Few people have had a more significant impact on the comedy world than Mel Brooks, whose hilarious movies, television shows, and musicals helped redefine the genre. The great funnyman kicked off his writing career in the 1950s on Sid Caesar’s Your Show of Shows before joining the equally talented Carl Reiner to form one of the most hysterical comedy duos of all time.
In 1965, Brooks created the critically acclaimed spy parody Get Smart, further solidifying his reputation as a generational comedic voice. He later achieved true superstardom with the release of 1967’s The Producers, for which he won the Academy Award for Best Original Screenplay. He went on to produce several other legendary comedies, including Blazing Saddles, Young Frankenstein, and Spaceballs, all of which are now almost universally considered to be among the funniest films of all time.
Brooks’ legacy has continued through recent decades: The Producers was adapted into a 2001 Broadway musical, which won several Tony Awards and was later turned into its own film. This propelled Brooks to achieve the rare EGOT status, making him one of only 19 people to win a competitive Emmy, Grammy, Oscar, and Tony.
In celebration of Brooks’ eternal comedic legacy, here are some of his funniest and wittiest personal quotes that we hope will bring a smile to your face and laughter to your life.
I’m not such a comedy giant. I’m 5’6”. There are guys not as funny, but they’re bigger. And I think that counts.
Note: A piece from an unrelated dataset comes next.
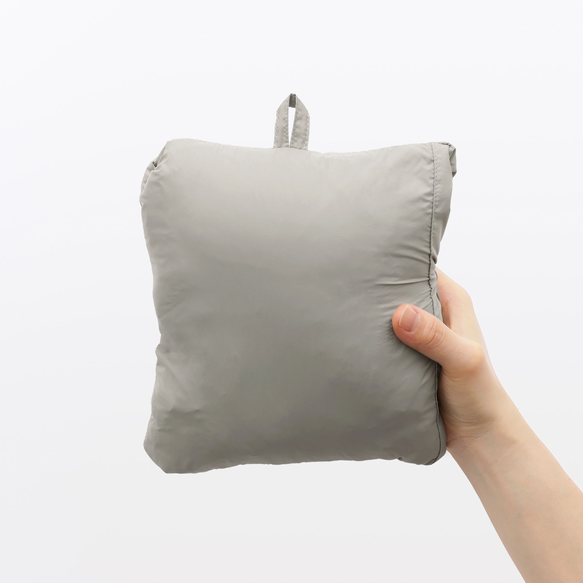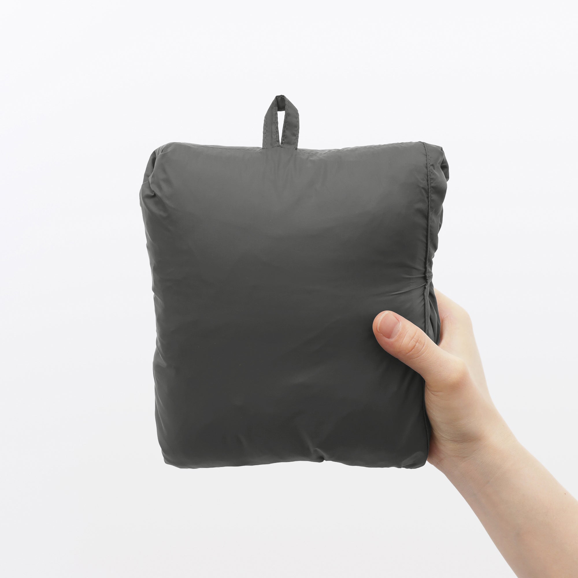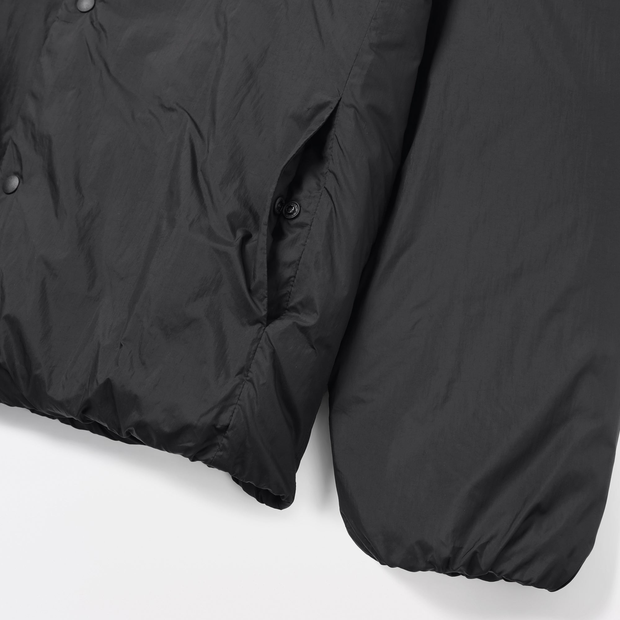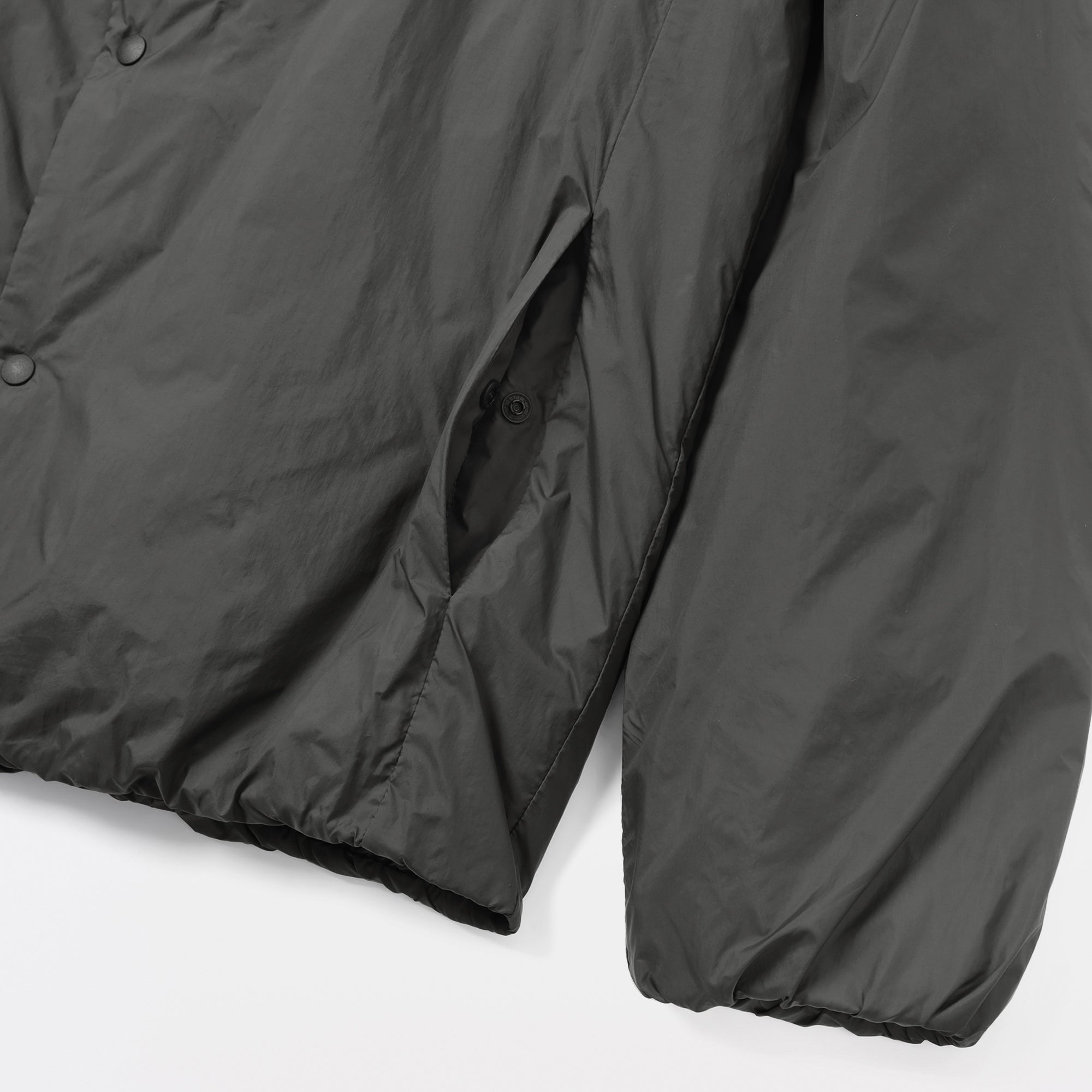 A men’s lightweight down collarless jacket made with recycled nylon fabric and fill power 750 down. Designed to be foldable and easy to carry. Thick and light enough to be layered in the winter.

As long as the world is turning and spinning, we’re gonna be dizzy and we’re gonna make mistakes.
Hope for the best. Expect the worst. The world’s a stage. We’re unrehearsed.
I cut my finger. That’s tragedy. A man walks into an open sewer and dies. That’s comedy.
I was born on the kitchen table. We were so poor my mother couldn’t afford to have me; the lady next door gave birth to me.
Bad taste is simply saying the truth before it should be said.
Farts are a repressed minority. The mouth gets to say all kinds of things, but the other place is supposed to keep quiet. But maybe our lower colons have something interesting to say. Maybe we should listen to them.
How could this happen? I was so careful. I picked the wrong play, the wrong director, the wrong cast. Where did I go right?
Some critics are emotionally desiccated, personally about as attractive as a year-old peach in a single girl’s refrigerator.
If God wanted us to fly, He would have given us tickets.
Look, I don’t want to wax philosophic, but I will say that if you’re alive you’ve got to flap your arms and legs, you’ve got to jump around a lot, for life is the very opposite of death.
Humor is just another defense against the universe.
If Shaw and Einstein couldn’t beat death, what chance have I got? Practically none.